(Source information begins)

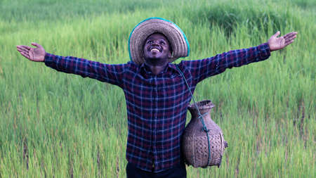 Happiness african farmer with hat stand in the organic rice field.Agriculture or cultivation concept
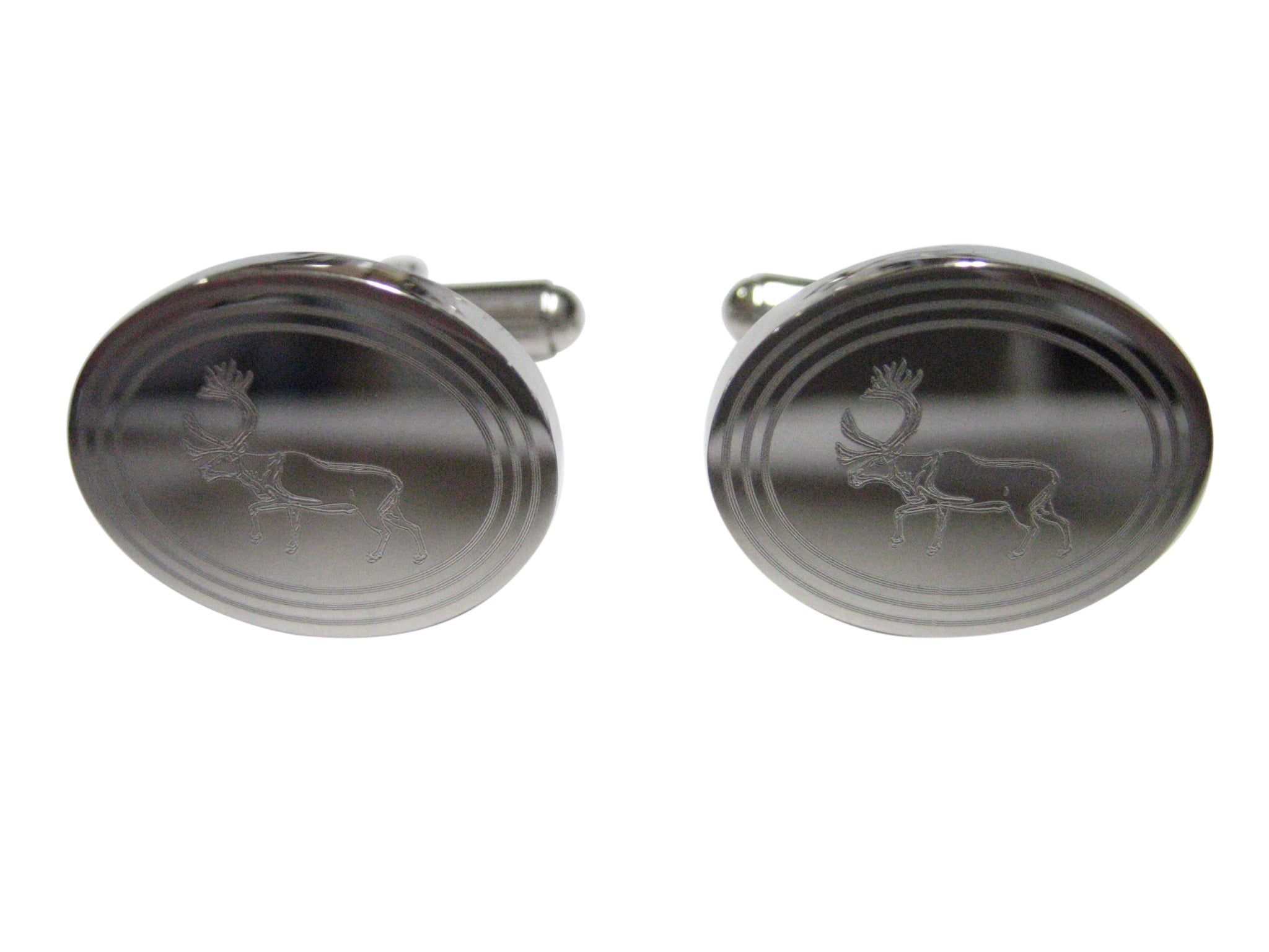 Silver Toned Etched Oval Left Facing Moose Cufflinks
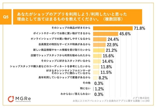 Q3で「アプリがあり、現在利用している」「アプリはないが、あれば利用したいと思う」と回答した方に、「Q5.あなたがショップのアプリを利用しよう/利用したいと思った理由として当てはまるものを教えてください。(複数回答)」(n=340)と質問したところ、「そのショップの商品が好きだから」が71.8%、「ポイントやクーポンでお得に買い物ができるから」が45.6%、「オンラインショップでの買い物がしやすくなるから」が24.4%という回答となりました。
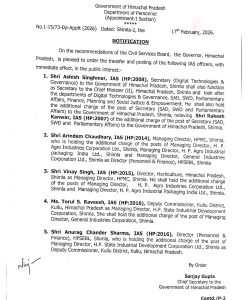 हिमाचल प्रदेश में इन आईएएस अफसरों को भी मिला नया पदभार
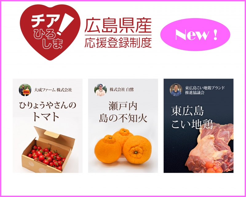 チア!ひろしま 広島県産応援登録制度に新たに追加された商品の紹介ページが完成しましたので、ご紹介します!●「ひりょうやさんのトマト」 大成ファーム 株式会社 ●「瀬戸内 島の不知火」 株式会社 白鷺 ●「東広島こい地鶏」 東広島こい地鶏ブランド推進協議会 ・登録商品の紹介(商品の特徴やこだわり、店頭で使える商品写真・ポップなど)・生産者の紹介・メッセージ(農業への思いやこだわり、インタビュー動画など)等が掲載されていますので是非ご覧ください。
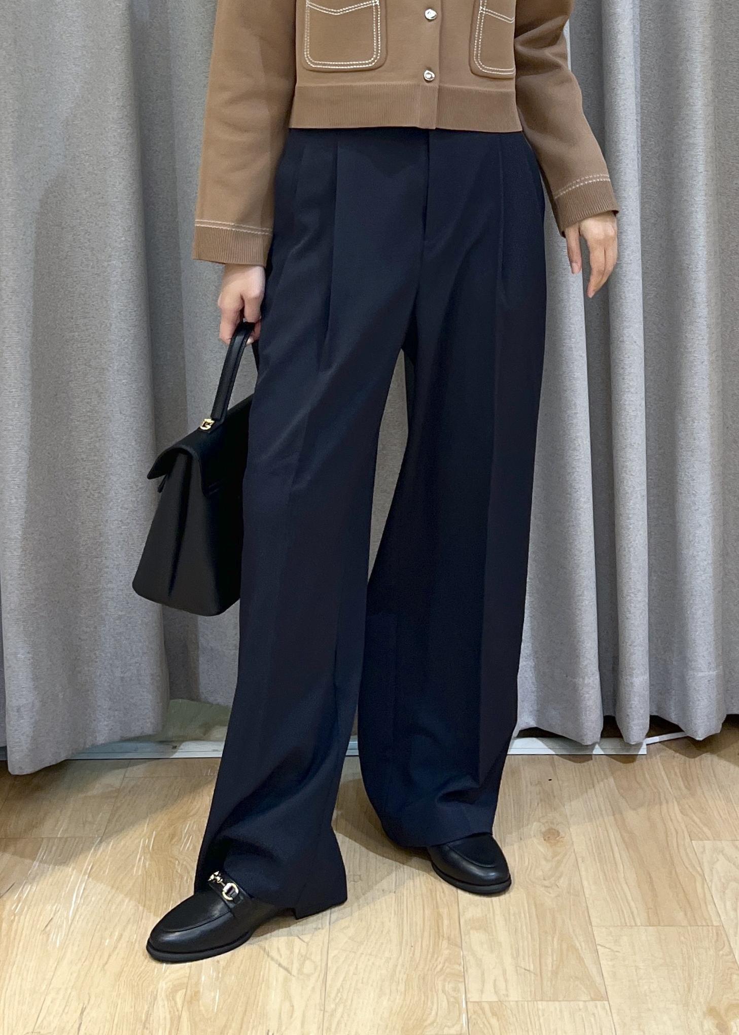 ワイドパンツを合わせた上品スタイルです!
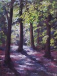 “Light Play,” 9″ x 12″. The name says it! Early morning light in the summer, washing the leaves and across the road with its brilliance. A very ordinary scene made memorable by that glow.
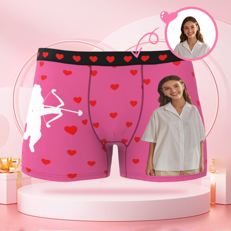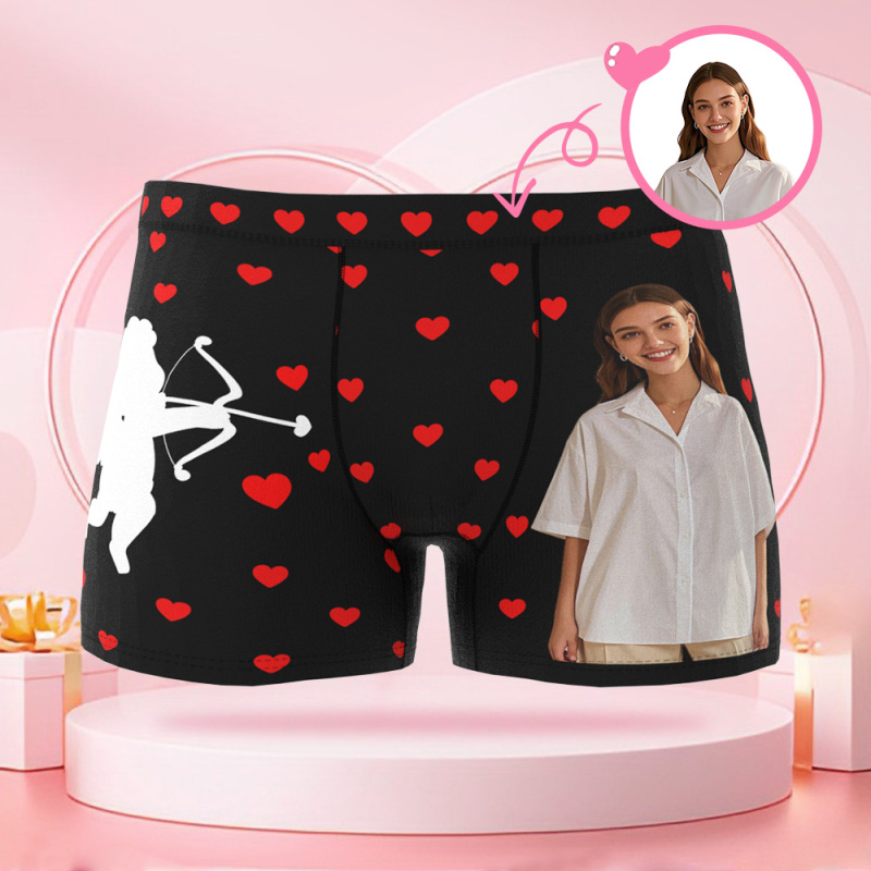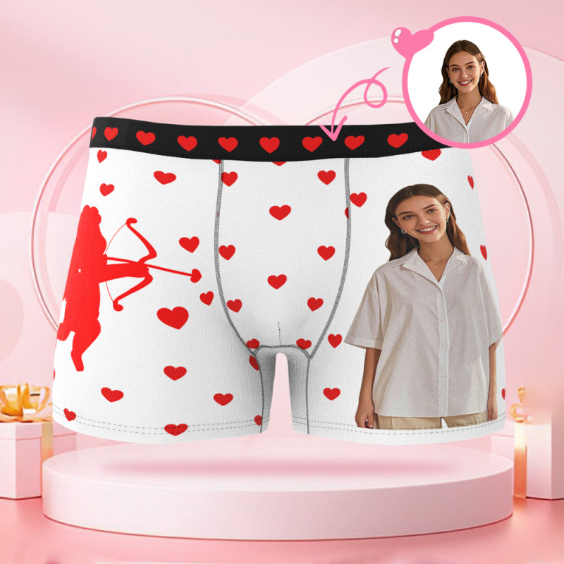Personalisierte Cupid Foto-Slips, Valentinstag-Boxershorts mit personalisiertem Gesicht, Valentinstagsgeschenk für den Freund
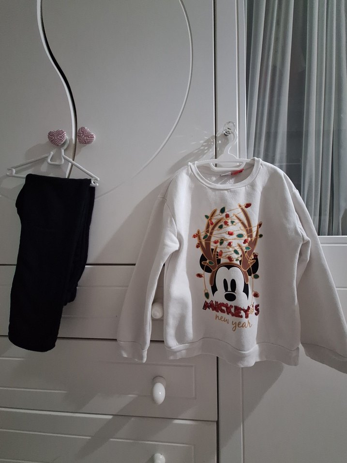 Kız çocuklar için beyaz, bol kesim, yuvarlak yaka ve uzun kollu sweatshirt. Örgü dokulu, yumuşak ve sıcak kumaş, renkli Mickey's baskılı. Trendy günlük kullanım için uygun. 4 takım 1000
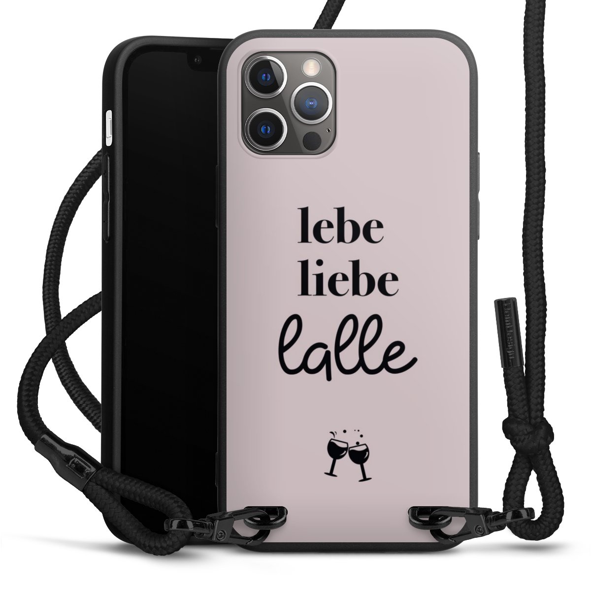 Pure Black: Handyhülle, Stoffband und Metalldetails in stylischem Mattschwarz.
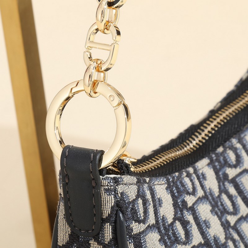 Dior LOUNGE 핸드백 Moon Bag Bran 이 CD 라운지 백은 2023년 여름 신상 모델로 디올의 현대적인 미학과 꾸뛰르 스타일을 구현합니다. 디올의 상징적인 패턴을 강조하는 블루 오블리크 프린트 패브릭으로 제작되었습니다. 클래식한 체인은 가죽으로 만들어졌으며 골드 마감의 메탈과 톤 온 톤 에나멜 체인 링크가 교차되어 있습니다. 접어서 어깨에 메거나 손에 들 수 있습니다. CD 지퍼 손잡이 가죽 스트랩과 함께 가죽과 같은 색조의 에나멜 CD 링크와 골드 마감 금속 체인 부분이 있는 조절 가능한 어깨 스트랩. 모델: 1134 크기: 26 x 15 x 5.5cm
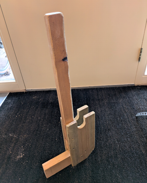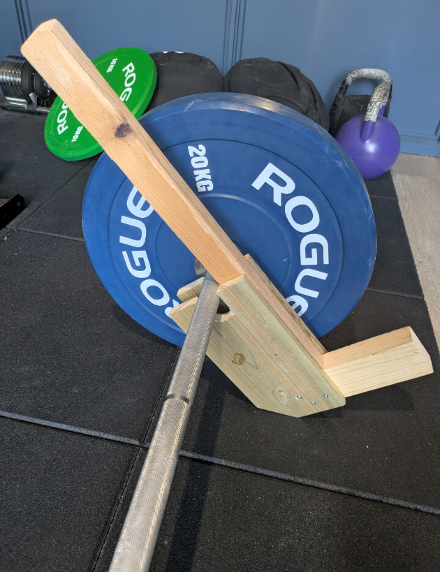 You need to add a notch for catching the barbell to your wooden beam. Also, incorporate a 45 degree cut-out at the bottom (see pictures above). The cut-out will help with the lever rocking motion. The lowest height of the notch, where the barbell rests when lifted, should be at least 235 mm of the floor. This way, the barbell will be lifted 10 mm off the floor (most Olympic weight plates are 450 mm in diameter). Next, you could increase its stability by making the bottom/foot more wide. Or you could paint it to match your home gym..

(Source information ends)

Required work -
Output each record above exactly; omit the images.

Worked solution -
 Happiness african farmer with hat stand in the organic rice field.Agriculture or cultivation concept
 Silver Toned Etched Oval Left Facing Moose Cufflinks
 Q3で「アプリがあり、現在利用している」「アプリはないが、あれば利用したいと思う」と回答した方に、「Q5.あなたがショップのアプリを利用しよう/利用したいと思った理由として当てはまるものを教えてください。(複数回答)」(n=340)と質問したところ、「そのショップの商品が好きだから」が71.8%、「ポイントやクーポンでお得に買い物ができるから」が45.6%、「オンラインショップでの買い物がしやすくなるから」が24.4%という回答となりました。
 हिमाचल प्रदेश में इन आईएएस अफसरों को भी मिला नया पदभार
 チア!ひろしま 広島県産応援登録制度に新たに追加された商品の紹介ページが完成しましたので、ご紹介します!●「ひりょうやさんのトマト」 大成ファーム 株式会社 ●「瀬戸内 島の不知火」 株式会社 白鷺 ●「東広島こい地鶏」 東広島こい地鶏ブランド推進協議会 ・登録商品の紹介(商品の特徴やこだわり、店頭で使える商品写真・ポップなど)・生産者の紹介・メッセージ(農業への思いやこだわり、インタビュー動画など)等が掲載されていますので是非ご覧ください。
 ワイドパンツを合わせた上品スタイルです!
 “Light Play,” 9″ x 12″. The name says it! Early morning light in the summer, washing the leaves and across the road with its brilliance. A very ordinary scene made memorable by that glow.
Personalisierte Cupid Foto-Slips, Valentinstag-Boxershorts mit personalisiertem Gesicht, Valentinstagsgeschenk für den Freund
 Kız çocuklar için beyaz, bol kesim, yuvarlak yaka ve uzun kollu sweatshirt. Örgü dokulu, yumuşak ve sıcak kumaş, renkli Mickey's baskılı. Trendy günlük kullanım için uygun. 4 takım 1000
 Pure Black: Handyhülle, Stoffband und Metalldetails in stylischem Mattschwarz.
 Dior LOUNGE 핸드백 Moon Bag Bran 이 CD 라운지 백은 2023년 여름 신상 모델로 디올의 현대적인 미학과 꾸뛰르 스타일을 구현합니다. 디올의 상징적인 패턴을 강조하는 블루 오블리크 프린트 패브릭으로 제작되었습니다. 클래식한 체인은 가죽으로 만들어졌으며 골드 마감의 메탈과 톤 온 톤 에나멜 체인 링크가 교차되어 있습니다. 접어서 어깨에 메거나 손에 들 수 있습니다. CD 지퍼 손잡이 가죽 스트랩과 함께 가죽과 같은 색조의 에나멜 CD 링크와 골드 마감 금속 체인 부분이 있는 조절 가능한 어깨 스트랩. 모델: 1134 크기: 26 x 15 x 5.5cm
 You need to add a notch for catching the barbell to your wooden beam. Also, incorporate a 45 degree cut-out at the bottom (see pictures above). The cut-out will help with the lever rocking motion. The lowest height of the notch, where the barbell rests when lifted, should be at least 235 mm of the floor. This way, the barbell will be lifted 10 mm off the floor (most Olympic weight plates are 450 mm in diameter). Next, you could increase its stability by making the bottom/foot more wide. Or you could paint it to match your home gym..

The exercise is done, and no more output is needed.